# Beyond We dler 5/3/1



## sh00t (Jan 12, 2014)

Anyone else using Jim Wendlers Beyond 5/3/1?
I'm loving it, if you're doing the basic 5/3/1, buy the "Beyond 5/3/1" ebook. Its worth the ten bucks. 
My favorite right now is doing the main core lift, "jack shit" & then doing the opposite body part "boring but big".
If you're feeling strong, you can add in the "joker sets" on the main lifts, or even "last set first" after your last PR set.
A basic workout example;
Bench 5/3/1 (or whatever week you're on)
*joker sets or first set last or just jack shit
Deadlifts 5x10 @ ~50%...no PR, just boring but big.
Also, in Beyond, Jim takes 2 mesocycles & removes the first deload week. After your 3rd week, increase % as normal, & go straight into the next cycle, week 1. Do that deload on the 4th week (no deload until the 7th week)

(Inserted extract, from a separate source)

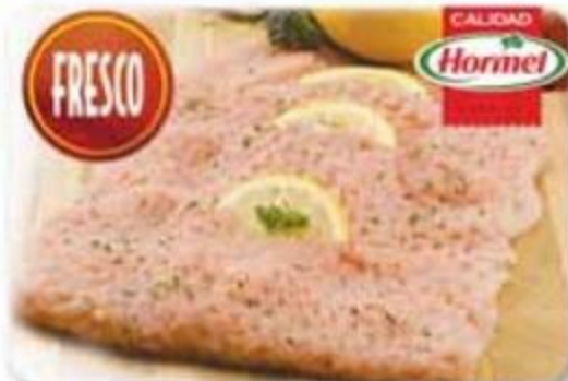
Biftec de Cerdo Machacado Hormel Reg. $3.35 lb

Joker sets are ~20% increases at the rep # your last set was...
First set last is where you take your first working set (not your warmup) & rep that, shoot for ~20 reps
Jack shit, just do your main lift & go for PR.


----------



## dorian777 (Jan 12, 2014)

This is the fastest and best way to get strong. Eat right and you'll get big as well.


----------



## Phoenixk2 (Jan 12, 2014)

Had very good results with 5,3,1 when I was powerlifting.  Got up to a PR on deads of 585.


----------



## sh00t (Jan 15, 2014)

585 # deads is awesome.......
Guy i lift with pulled 665....


----------